Inflation then perked up to 5.3% over the 12 months through last August, pushing up Arizona’s minimum wage to $12.80 an hour starting this year.
Now inflation, as noted, is running at an 8.3% annual rate nationally, through April. If it continues at that pace through August, Arizona’s minimum wage would jump to about $13.85 an hour by Jan. 1, 2023. The Industrial Commission of Arizona officially will announce the new wage later this year.
Kelly Cooper, owner of BKD’s Backyard Joint in Chandler and two Valley locations of the Melting Pot, fears inflation could keep rising and that restaurants could face a minimum wage increase of 10% or higher by the August calculation date.
Plus, he’s concerned that there’s no provision under Proposition 206 for Arizona’s minimum wages to decline should inflation cool off sharply in the event of a recession. An elevated minimum wage could result in more job losses and business closures than otherwise would happen, making the next recession even worse, he predicts.
Economists are alarmed at the sudden uptick in inflation for goods and services beyond just labor expenses. Consumer costs have risen fairly steadily across the board, and shortages have appeared for products ranging from semiconductors and rental cars to baby formula.
The Federal Reserve is attempting to slow increases in price levels by raising interest rates. Some economists don’t think this strategy will work, though it’s too early to tell.

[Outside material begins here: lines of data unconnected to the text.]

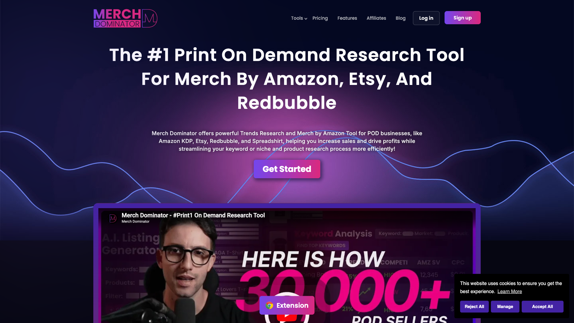 Merch Dominator 是 Blancutes Ltd 推出的全方位 POD(按需印刷)市场研究平台,专为 Amazon Merch、Etsy、Redbubble 卖家设计。80,000+ 用户验证,Chrome 扩展获 4.9 星评分,这个工具将数小时的市场研究压缩到几分钟,帮助卖家在"速度即收入"的 POD 领域抢占先机。
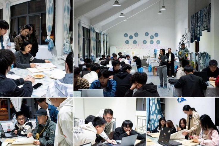 参观环节,学生们前往屏山、卢村、西递、南屏等地的徽派建筑、古民居以及非遗工艺的传承基地,领略了徽州地域的自然风光,深入了解了徽州地区独特的民俗与工艺文化,感受到了非遗技艺的精湛与传统手工艺中的工匠精神,为后续的设计创作积累了丰富的素材。
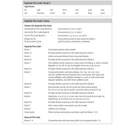 Softcover phonics workbook is recommended for Grades 1 to 4 (with included accommodations for English Language Learners and struggling readers). Enjoy the full Explode The Code Book series as desired (available in Books 1 to 6, each also with a 1/2 number for additional practice, and Books 7 and 8; each sold separately).
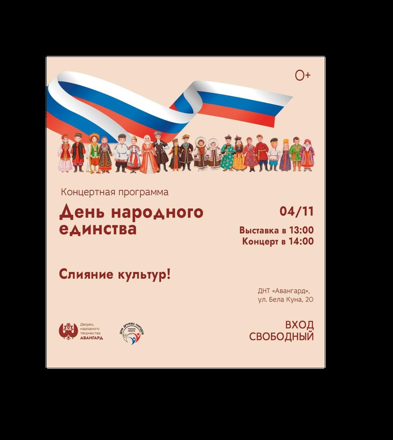 В 13.00 во Дворце народного творчества «Авангард» (Томск, ул. Б. Куна, 20) откроется выставка-ярмарка с разнообразной продукцией, сувенирами и фотозонами от национально-культурных организаций Томской области; в 14.00 — концертная программа с вокальными и танцевальными номерами, демонстрирующими многообразие культуры нашей страны (ансамбль горского танца «Даймохк», коллективы Центра татарской культуры и Российско-немецкого дома).

Arizona doesn’t have the nation’s highest minimum wage but it’s among the leaders. States that have or soon will have higher minimums include California ($15 an hour), Washington ($14.49), Massachusetts ($14.25), Connecticut ($14), New York ($13.20), and New Jersey ($13), according to a list compiled by the Labor Law Center.
Minimum wages have risen or will increase in about half of all states this year, the group said.
Yet the federal minimum has stayed at $7.25 an hour since 2009 (or $2.13 for employees who regularly receive tips). It remains in effect in 20 states, mainly in the South and Midwest.
In addition, some cities have their own minimums set above the levels in their states, including Flagstaff ($15.50) and Tucson ($13) in Arizona.
Despite a relatively high minimum wage here, 33.7% of Arizonans earn $15 an hour or less — slightly above the 31.9% share nationally, according to a recent report by Oxfam America. Workers in this group include tipped employees, farmworkers, domestic caregivers, and students.
Also, people who are Black or Latino are disproportionately represented among $15-or-less workers, according to the report.
Arizona’s current minimum wage doesn’t apply to all workers. Exemptions include people employed by a parent or a sibling, those who work as a babysitter in an employer’s home on a casual basis, and people employed by the Arizona state or federal governments. Another exemption applies to individuals working at small businesses that generate less than $500,000 in annual revenue.
Also, an employer may pay tipped employees — those who customarily and regularly receive tips or gratuities — up to $3 an hour less than the minimum wage, provided the employer keeps records showing that workers received at least the minimum for all hours worked.
In addition to higher minimum wages, Arizona’s Fair Wages and Healthy Families Act, which voters passed as Proposition 206 in November 2016, entitles employees to accrue paid sick time.